Records from a data collection
• • •

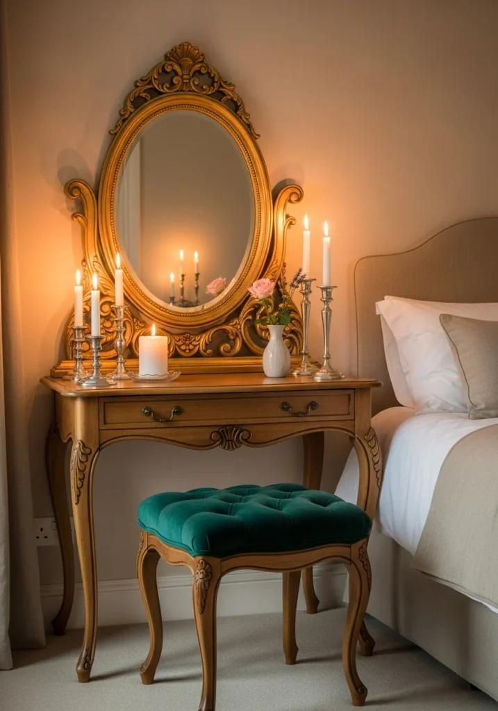 Create old-world luxury with gilded vintage-style mirror and ornate wooden vanity table paired with tufted velvet stool.
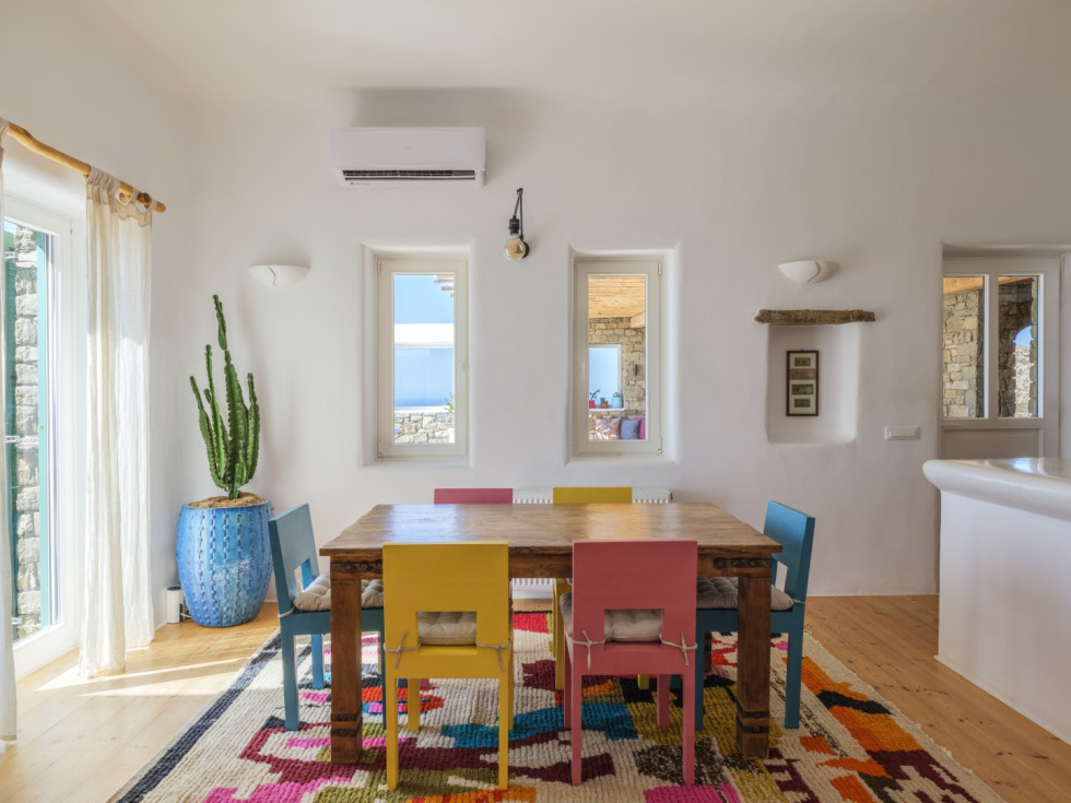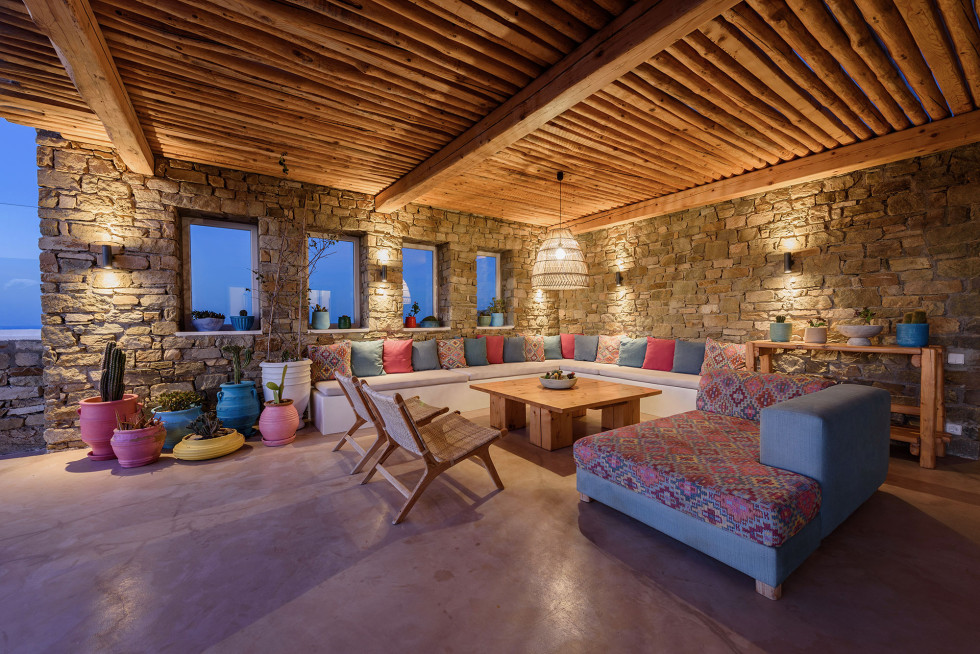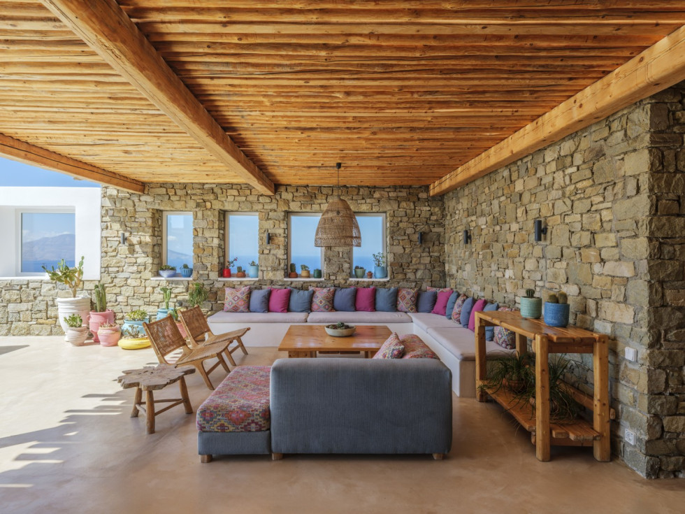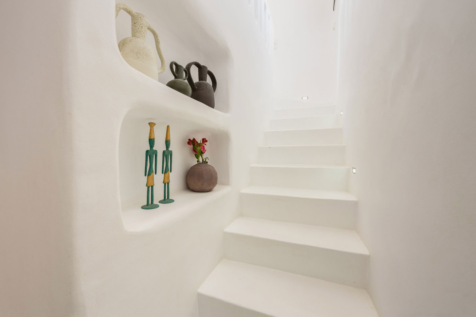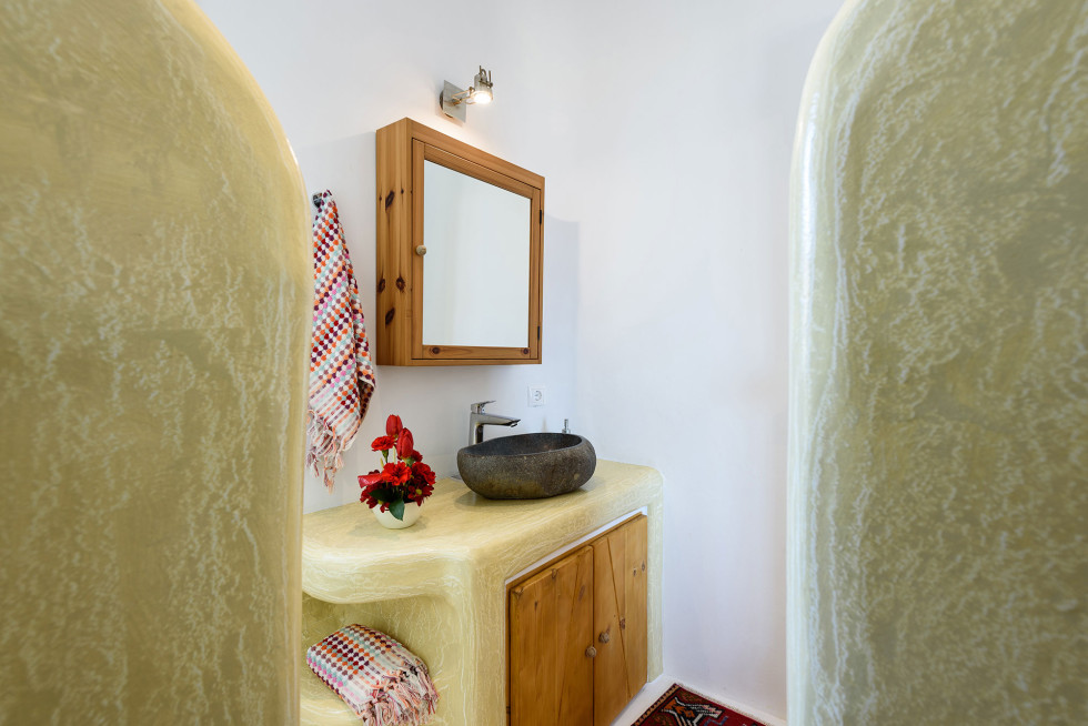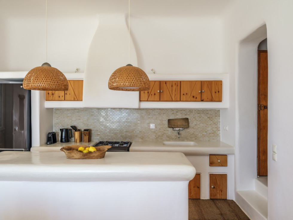 The villa features the typical architecture of the Cyclades, with stones and whitewashed walls, it develops on two levels and it can accommodate up to 6 people (thanks to a built-in sofa bed and 1 single bed).
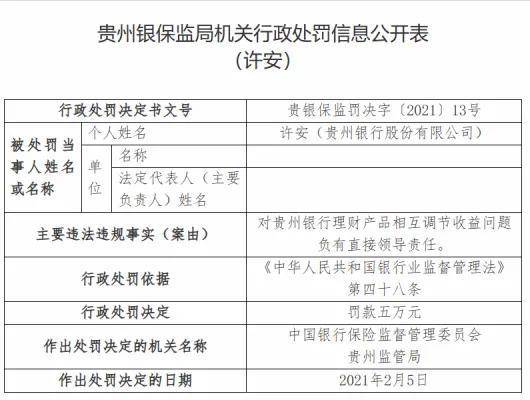 許安本人,也因對貴州銀行理財產品相互調節收益問題負有直接領導責任,被罰款5萬元。
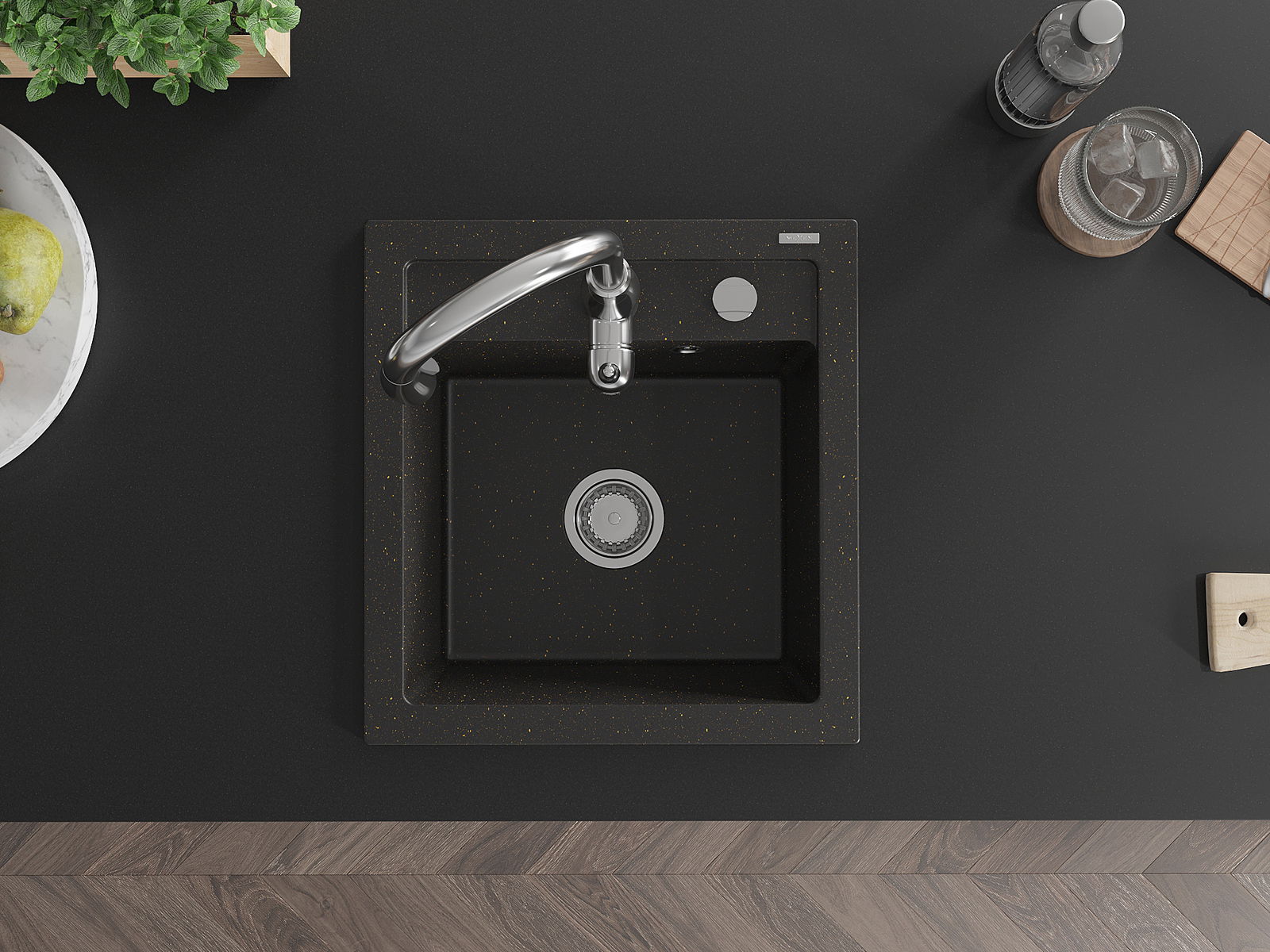 Mexen Vito granieten gootsteen 1-komorige met keukenkraan Savita, zwart/gouden metallic - 6503-75-672601-00
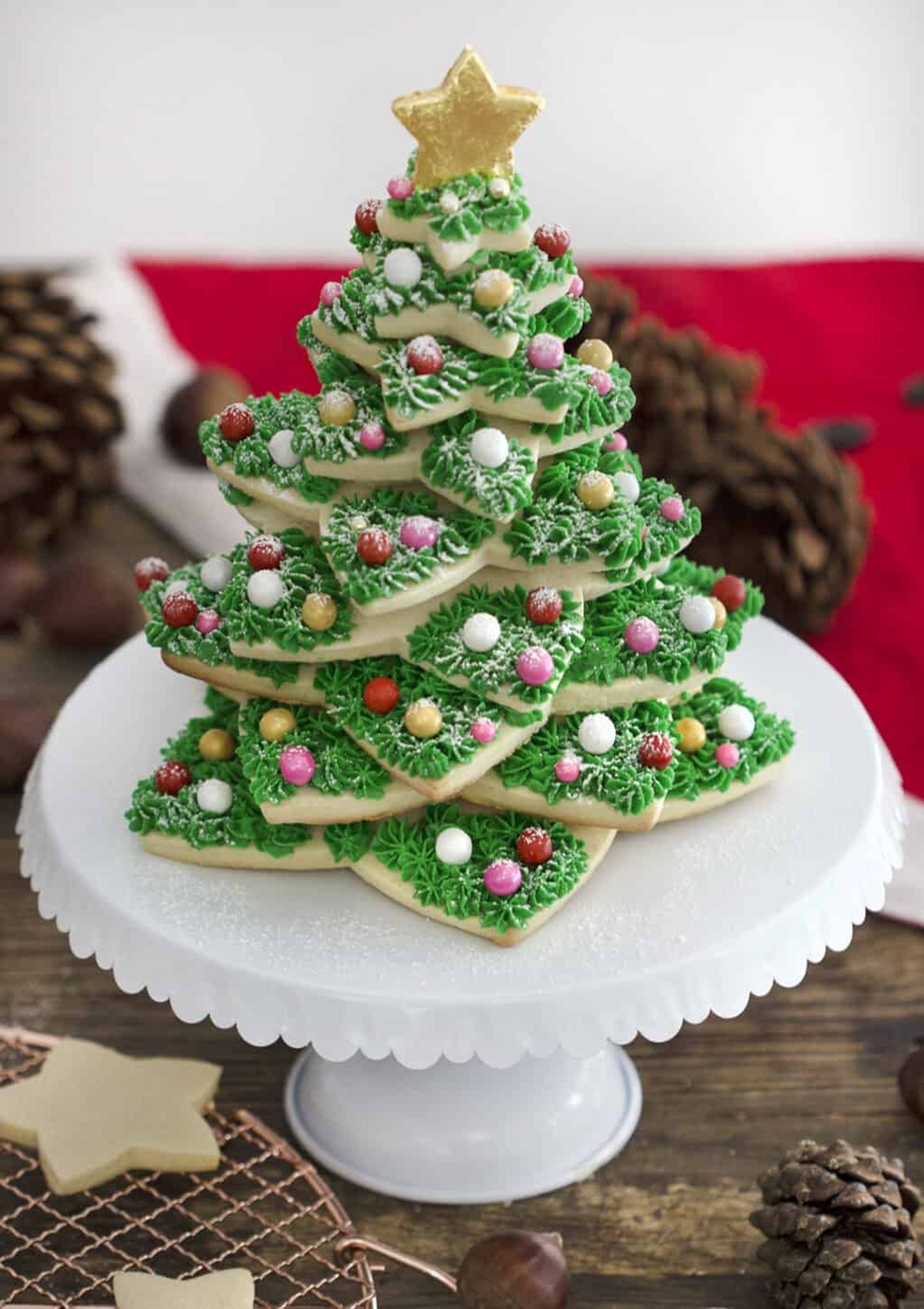 I finished off the tree with a sprinkling of powdered sugar and a golden star! I love breaking out the edible gold leaf, yes it's expensive but you end up using it in moderation and it makes such an impact. To make my golden star I painted on a thin layer or sugar glaze and the gold stuck right on! As you can see in the video I cut double the needed stars to give my tree some height. Pipe buttercream to attach each layer using a small closed star tip. If you’ve tried these cookies then don’t forget to
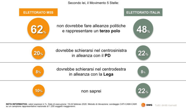 La stragrande maggioranza degli elettori del M5s boccia inoltre, le alleanze politiche e propende per un Movimento che si collochi come terzo polo. Alla domanda su come il M5s dovrebbe schierarsi rispetto alle altre forze politiche, il 62% dell’elettorato M5s ha risposto che “non dovrebbe fare alleanze politiche” e rappresentare invece un “terzo polo”. La stessa posizione ha ricevuto il consenso del 48% dell’elettorato italiano. Il Movimento, invece, “dovrebbe schierarsi nel centrosinistra in alleanza con il Pd” per il 20% dell’elettorato pentastellato e per il 22% dell’elettorato generale. Stessa percentuale di elettorato M5s e generale indica invece l’opzione di schierarsi con il centrodestra, in alleanza con la Lega: l’8% per entrambi. Non si esprime invece il 10% degli elettori M5s e il 22% dell’elettorato italiano.

• • •

**What you should do**
Copy the lines exactly as they appear from the opening of the entries above through the line with "許安本人,也因對貴州銀行理財", excluding all pictures.

**Exercise result**
 Create old-world luxury with gilded vintage-style mirror and ornate wooden vanity table paired with tufted velvet stool.
 The villa features the typical architecture of the Cyclades, with stones and whitewashed walls, it develops on two levels and it can accommodate up to 6 people (thanks to a built-in sofa bed and 1 single bed).
 許安本人,也因對貴州銀行理財產品相互調節收益問題負有直接領導責任,被罰款5萬元。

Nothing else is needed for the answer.